Aurora proved to be such a fast learner that, less than two months into the job, he was handling around 30 campaigns on his own.
“I thought it would be overwhelming, but so far it seems pretty good,” he says.
Originally from India, Aurora immigrated with his family to the United States as a child. His sister, Roma Aurora ’18, ’20, also attended the Manning School, although he says he never felt pressure to follow in her footsteps.
“Our parents have always encouraged us to choose our own path and educate ourselves about our choices,” says Aurora, who was more swayed by the “very generous” financial aid package he received from UML.

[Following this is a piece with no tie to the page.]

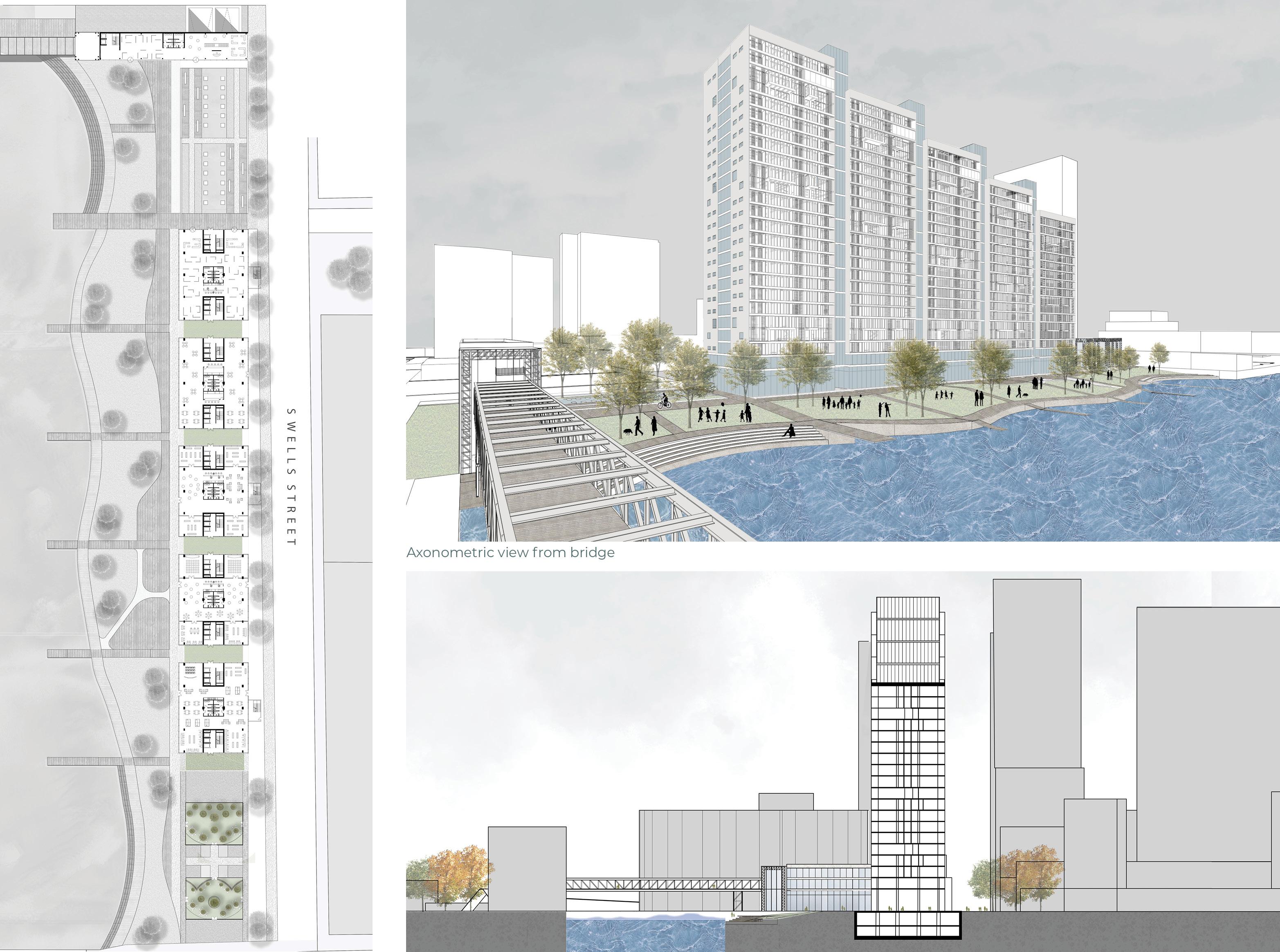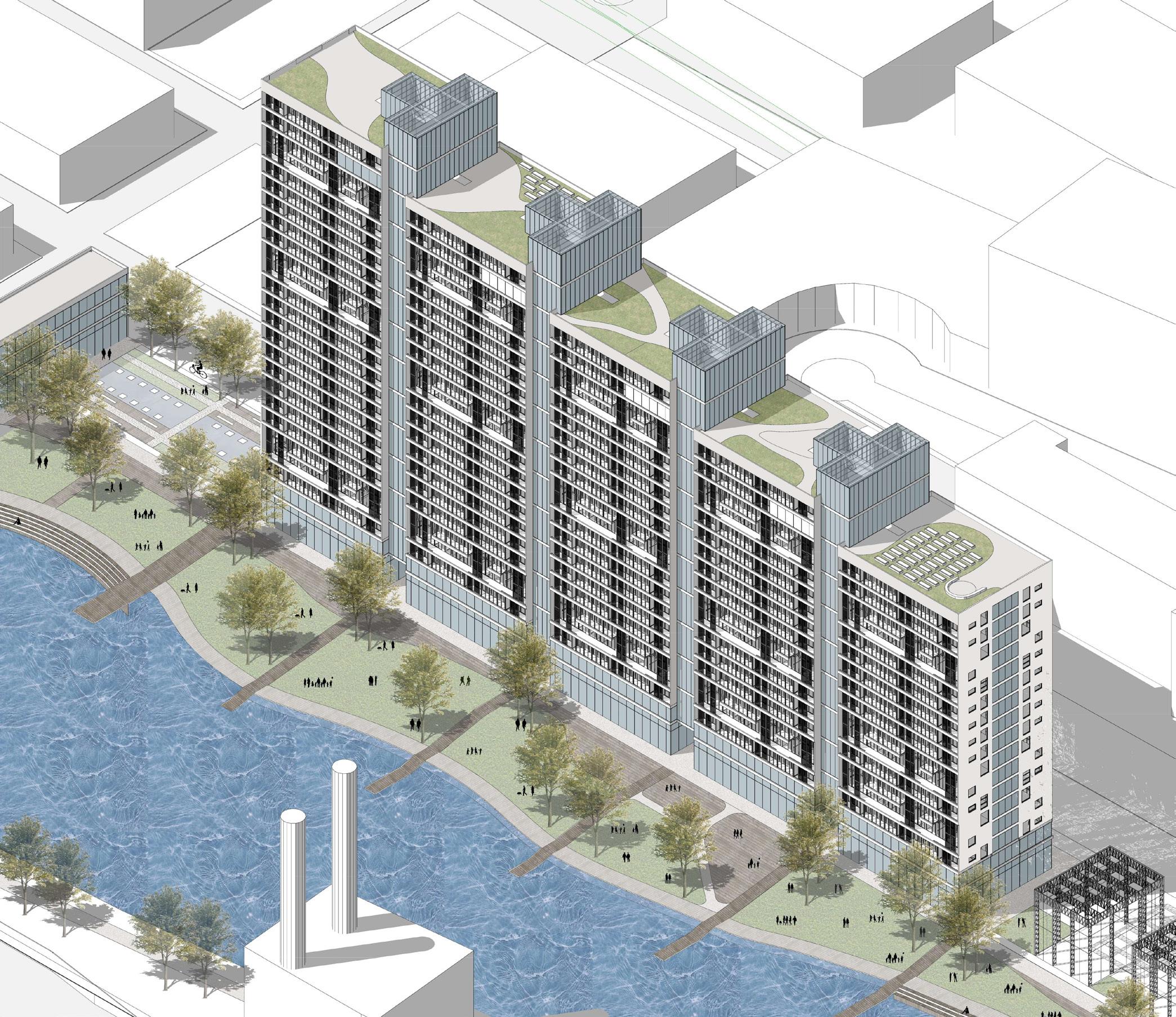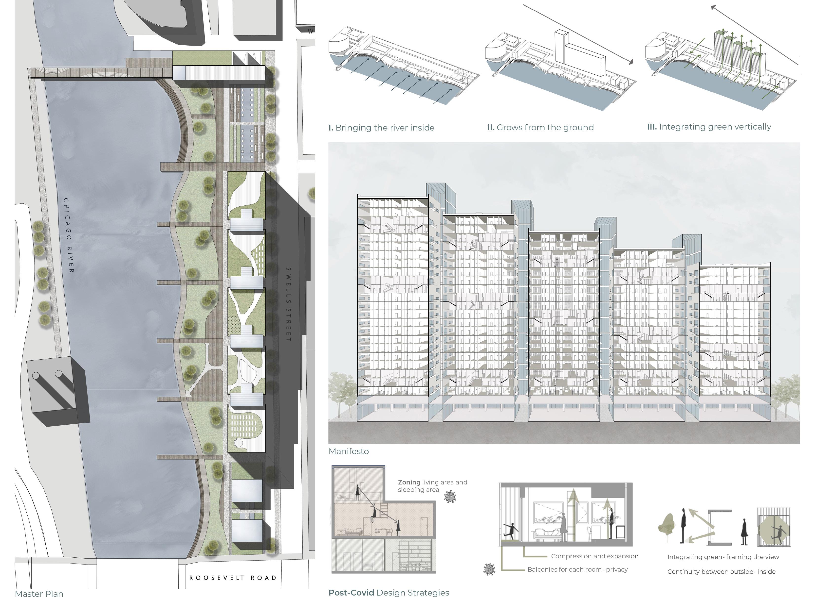 The “Green Falls” project emerges from the study of the urban strategies of Chicago, “Adding green to urban design,” and derives from the study of the urban and built environment of tall buildings in the city. The project, therefore, consists of five housing units connected by green glass galleries and pedestrian bridges between them, which form the main building.

One of Aurora’s favorite college memories is when he teamed up with classmates Tom Stranberg and Prabakar Adithya to win the International Business Ethics Case Competition during his junior year.
The competition, along with the Business Ethics course he took with Asst. Teaching Prof. (and personal mentor) Elissa Magnant, strengthened Aurora’s resolve to one day start his own mission-driven nonprofit.
“As a first-generation immigrant, I’ve always had that mission in mind to help people,” says Aurora, who plans to pursue a master’s degree in the near future. “Thanks to that Business Ethics class, I realized that you don’t have to choose between a life of helping people and a life of sustaining yourself financially. You can have both if you just think about it strategically.”